**TASK ITEM:**
Reproduction without pictures: print every entry precisely as written.

::::::::

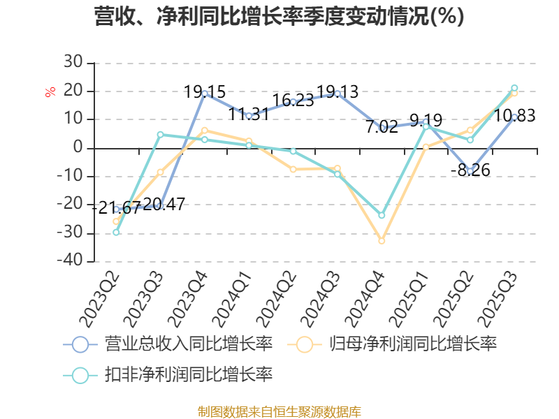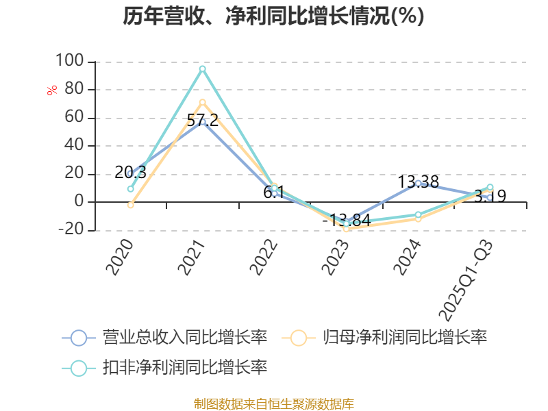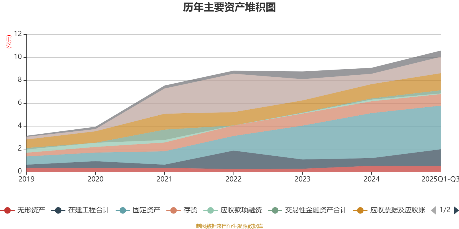 资产重大变化方面,截至2025年三季度末,公司固定资产较上年末减少2.93%,占公司总资产比重下降7.22个百分点;在建工程合计较上年末增加116.74%,占公司总资产比重上升6.33个百分点;货币资金较上年末增加57.98%,占公司总资产比重上升3.57个百分点;存货较上年末减少3.17%,占公司总资产比重下降1.93个百分点。
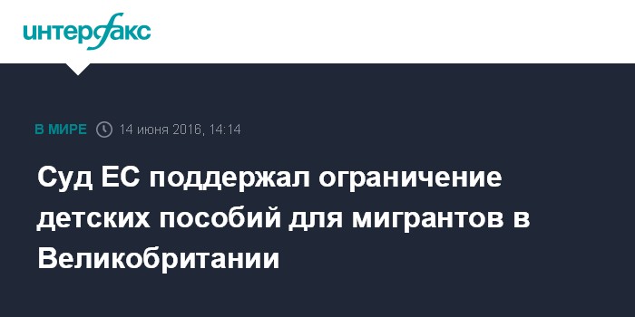 Москва. 14 июня. INTERFAX.RU - Европейский суд (высшая судебная инстанция Евросоюза) признал за Великобританией право на ограничение детских пособий для некоторых мигрантов из стран ЕС.
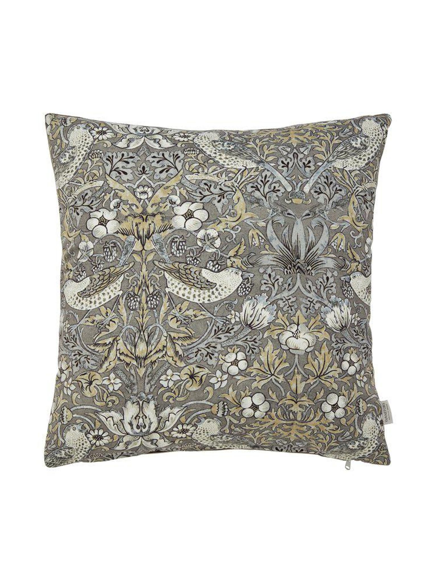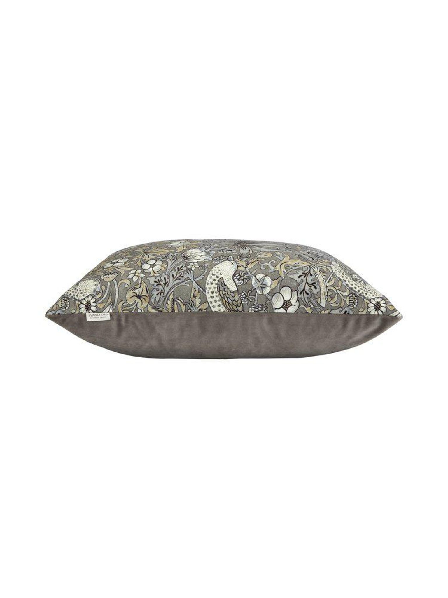 Grå Vilja kuddfodral 45x45 cm med mönstrad, tryckt bomullskänsla fram och matchande sammet på baksidan. Det passar i din soffa eller säng, funkar som snygg, praktisk accent, håller länge och är bra.
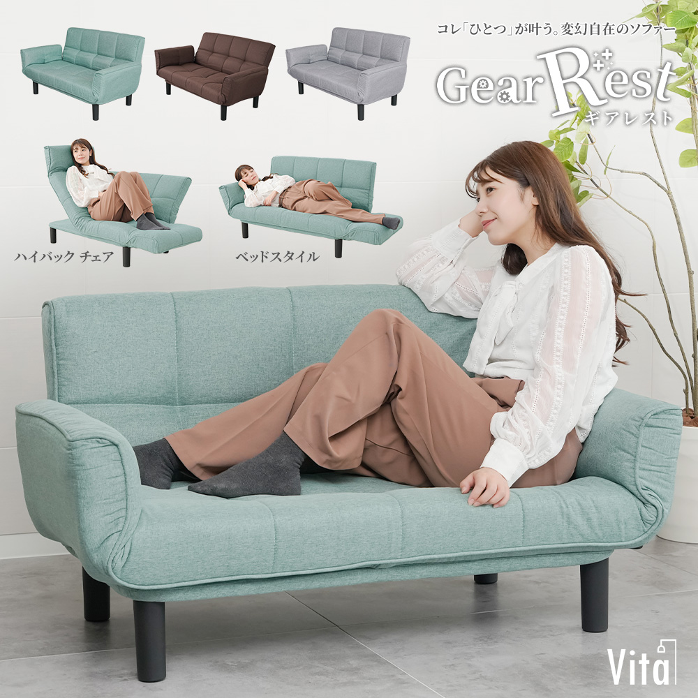 ■ソファーベッド 耐荷重160kg 4点リクライニング 一体型オットマン コンパクト ロータイプ カウチ 頑丈 ハイバック 脚付き 日本製ギア お
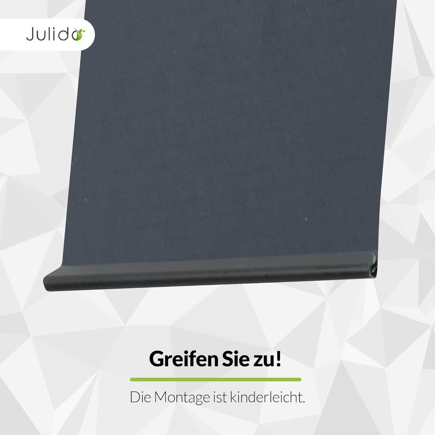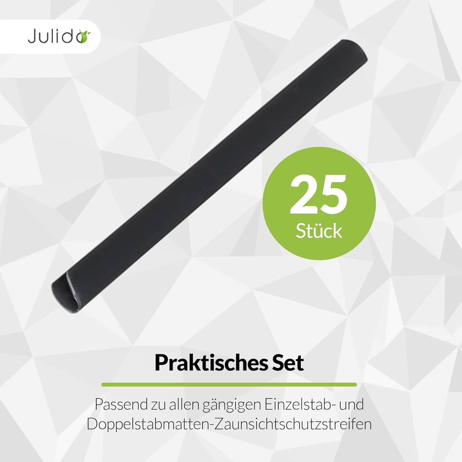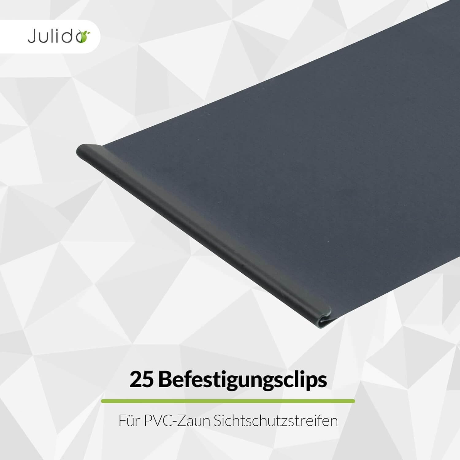 - Einfache Montage: Die Clips werden einfach auf die gefalteten Enden der Sichtschutzstreifen geschoben.

::::::::

**COMPLETED TASK:**
 资产重大变化方面,截至2025年三季度末,公司固定资产较上年末减少2.93%,占公司总资产比重下降7.22个百分点;在建工程合计较上年末增加116.74%,占公司总资产比重上升6.33个百分点;货币资金较上年末增加57.98%,占公司总资产比重上升3.57个百分点;存货较上年末减少3.17%,占公司总资产比重下降1.93个百分点。
 Москва. 14 июня. INTERFAX.RU - Европейский суд (высшая судебная инстанция Евросоюза) признал за Великобританией право на ограничение детских пособий для некоторых мигрантов из стран ЕС.
 Grå Vilja kuddfodral 45x45 cm med mönstrad, tryckt bomullskänsla fram och matchande sammet på baksidan. Det passar i din soffa eller säng, funkar som snygg, praktisk accent, håller länge och är bra.
 ■ソファーベッド 耐荷重160kg 4点リクライニング 一体型オットマン コンパクト ロータイプ カウチ 頑丈 ハイバック 脚付き 日本製ギア お
 - Einfache Montage: Die Clips werden einfach auf die gefalteten Enden der Sichtschutzstreifen geschoben.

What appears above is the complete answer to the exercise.